Extracting email content from Gmail using Python and Gmail API?

Hey guys, I’m stuck trying to get the email body from Gmail using Python and the Gmail API. I’ve got a script that can fetch the sender and subject, but I’m scratching my head on how to grab the actual message content.

Here’s what I’ve got so far:

gmail_service = create_service('gmail', 'v1', creds)
inbox_messages = gmail_service.users().messages().list(userId='me', labelIds=['INBOX'], q='from:[email protected] is:unread').execute()

emails = inbox_messages.get('messages', [])

if not emails:
    print('No new messages.')
else:
    for email in emails:
        email_data = gmail_service.users().messages().get(userId='me', id=email['id']).execute()
        headers = email_data['payload']['headers']
        
        sender = next(h['value'] for h in headers if h['name'] == 'From')
        subject = next(h['value'] for h in headers if h['name'] == 'Subject')
        
        print(f'From: {sender}')
        print(f'Subject: {subject}')
        # How do I get the email body?

I’ve tried a few things, but no luck so far.
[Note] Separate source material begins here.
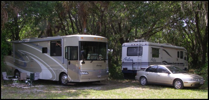 Tucked in our spot at Bill & Sue's next to their motorhome.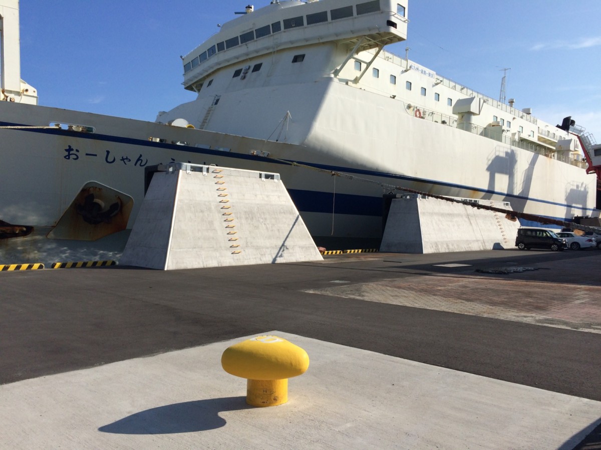 岸壁際にはコーナー材ノーマルタイプ、車止めはコラムストッパーが設置されています。

Any ideas on how to extract the email body? Thanks in advance!

hey sparklinggem, i had the same problem! try this:

def get_body(msg):
    if 'parts' in msg['payload']:
        return base64.urlsafe_b64decode(msg['payload']['parts'][0]['body']['data']).decode()
    return base64.urlsafe_b64decode(msg['payload']['body']['data']).decode()

body = get_body(email_data)
print(f'Body: {body}')

this worked 4 me. gl!

I’ve worked with the Gmail API before, and extracting the email body can be tricky due to the different message formats. Here’s what worked for me:

After you get the email_data, you need to dive into the payload structure. The body content is usually in the ‘parts’ section of the payload. You might need to handle both plain text and HTML versions.

Here’s a snippet that should help:

import base64

def get_body(email_data):
    if 'parts' in email_data['payload']:
        for part in email_data['payload']['parts']:
            if part['mimeType'] == 'text/plain':
                return base64.urlsafe_b64decode(part['body']['data']).decode()
    elif 'body' in email_data['payload']:
        return base64.urlsafe_b64decode(email_data['payload']['body']['data']).decode()
    return ''

# Then in your loop:
body = get_body(email_data)
print(f'Body: {body}')

This should handle most cases. Remember to import base64 at the top of your script. Hope this helps!

I’ve encountered similar issues when working with the Gmail API. One approach that’s worked well for me is to recursively parse the payload structure. Gmail messages can be nested, especially with attachments or multipart content.

Here’s a function I’ve used successfully:

def get_message_body(payload):
    if 'body' in payload and 'data' in payload['body']:
        return base64.urlsafe_b64decode(payload['body']['data']).decode()
    elif 'parts' in payload:
        for part in payload['parts']:
            body = get_message_body(part)
            if body:
                return body
    return None

# Usage in your loop:
body = get_message_body(email_data['payload'])
if body:
    print(f'Body: {body[:100]}...')  # Print first 100 chars

This handles various message structures and should reliably extract the content. Remember to handle potential encoding issues, as some emails might use different character sets.